▶ _Exercise directions_: Could you restate all of the records below exactly, with the pictures left out?

Dataset below:

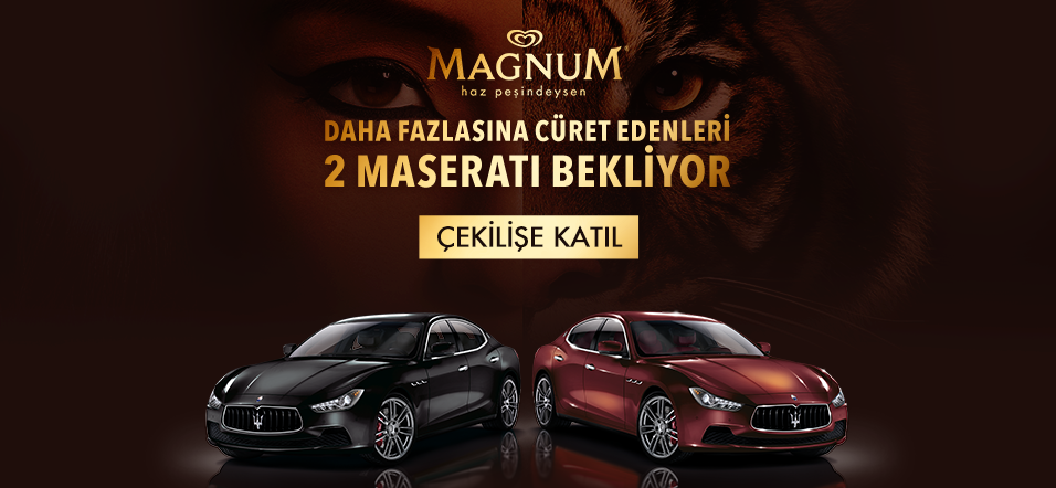 Magnum Classic, Badem, Beyaz, Antep Fıstıklı, Double Çikolata, Double Karadut&Böğürtlen, Double Fıstık Ezmesi, Tiramisu, Créme Brulee, Tarçın ve Portakal dondurma çubuklarındaki şifreyi kullandığınız taktirde Magnum Maserati çekilişi için 2 hak; Magnum Mini Classic-Badem-Beyaz, Mini Classic-Antep Fıstık- Fındık, Mini Classic, Mini Double Karadut&Böğürtlen-Çikolata Karamel, Mini Double Fıstık Ezmesi, Mini Kisses, Mini kış serisi dondurma çubuklarındaki şifre ise 1 hak kazandıracaktır. Bu Magnum çekilişine Unilever Sanayi ve Ticaret Türk A.Ş, U2 Tanıtım ve Promosyon Hizm. Tic. Ltd. Şti., Narkoz İletişim Hizmetleri Sanayi ve Ticaret A.Ş, ve 18 yaşından küçükler katılamaz. Katılmış olsalar dahi ikramiyeleri verilmez.
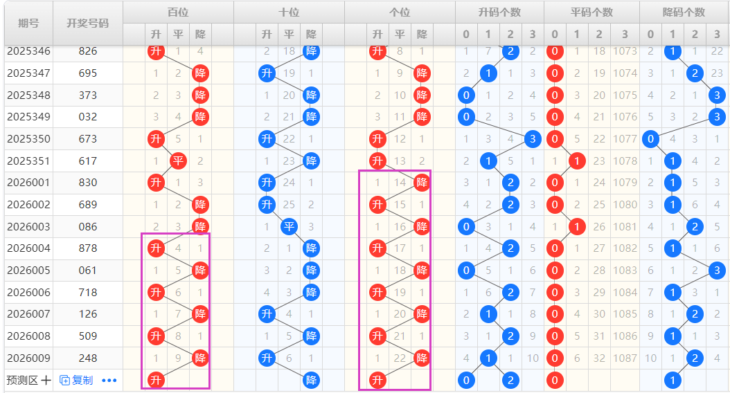 【排列3个位】:近期升降走势为:升-降-升-降-升-降,为一种交错走势,结合走势图可以看出,图中紫色框圈出为一种M形态的出球方式,本期可以重点看好升的形态号码的开出。
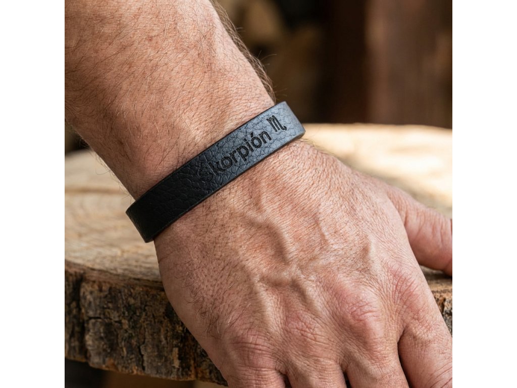 Pánsky kožený náramok čierny so znamením Škorpión + Darčekové balenie
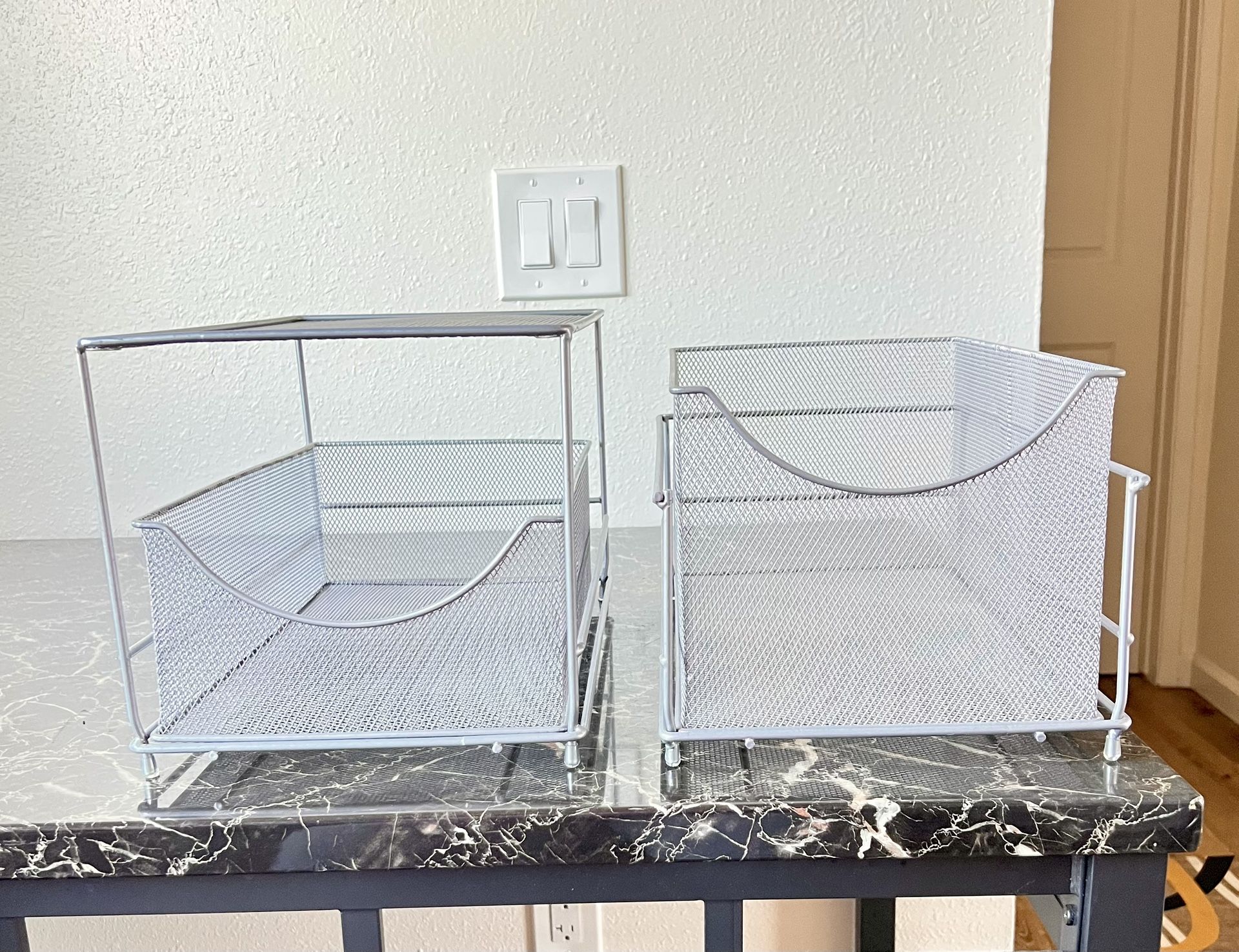 Sorbus® Cabinet Organizer Set —Mesh Storage Organizer with Pull Out Drawers-Ideal for Countertop, Cabinet, Pantry, Under the Sink, Desktop and More (Silver Two-Piece Set)
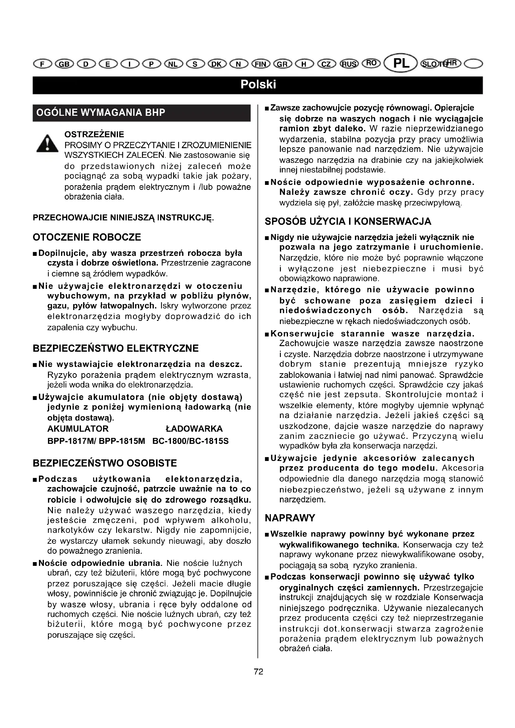 ■ Nie wystawiajcie elektronarzędzia na deszcz. Ryzyko porażenia prądem elektrycznym wzrasta, jeżeli woda wnika do elektronarzędzia. ■ Używajcie akumulatora (nie objęty dostawą) jedynie z poniżej wymienioną ładowarką (nie objęta dostawą). AKUMULATOR ŁADOWARKA BPP-1817M/ BPP-1815M BC-1800/BC-1815S

End of Dataset.

▶ _Response box_:
 Magnum Classic, Badem, Beyaz, Antep Fıstıklı, Double Çikolata, Double Karadut&Böğürtlen, Double Fıstık Ezmesi, Tiramisu, Créme Brulee, Tarçın ve Portakal dondurma çubuklarındaki şifreyi kullandığınız taktirde Magnum Maserati çekilişi için 2 hak; Magnum Mini Classic-Badem-Beyaz, Mini Classic-Antep Fıstık- Fındık, Mini Classic, Mini Double Karadut&Böğürtlen-Çikolata Karamel, Mini Double Fıstık Ezmesi, Mini Kisses, Mini kış serisi dondurma çubuklarındaki şifre ise 1 hak kazandıracaktır. Bu Magnum çekilişine Unilever Sanayi ve Ticaret Türk A.Ş, U2 Tanıtım ve Promosyon Hizm. Tic. Ltd. Şti., Narkoz İletişim Hizmetleri Sanayi ve Ticaret A.Ş, ve 18 yaşından küçükler katılamaz. Katılmış olsalar dahi ikramiyeleri verilmez.
 【排列3个位】:近期升降走势为:升-降-升-降-升-降,为一种交错走势,结合走势图可以看出,图中紫色框圈出为一种M形态的出球方式,本期可以重点看好升的形态号码的开出。
 Pánsky kožený náramok čierny so znamením Škorpión + Darčekové balenie
 Sorbus® Cabinet Organizer Set —Mesh Storage Organizer with Pull Out Drawers-Ideal for Countertop, Cabinet, Pantry, Under the Sink, Desktop and More (Silver Two-Piece Set)
 ■ Nie wystawiajcie elektronarzędzia na deszcz. Ryzyko porażenia prądem elektrycznym wzrasta, jeżeli woda wnika do elektronarzędzia. ■ Używajcie akumulatora (nie objęty dostawą) jedynie z poniżej wymienioną ładowarką (nie objęta dostawą). AKUMULATOR ŁADOWARKA BPP-1817M/ BPP-1815M BC-1800/BC-1815S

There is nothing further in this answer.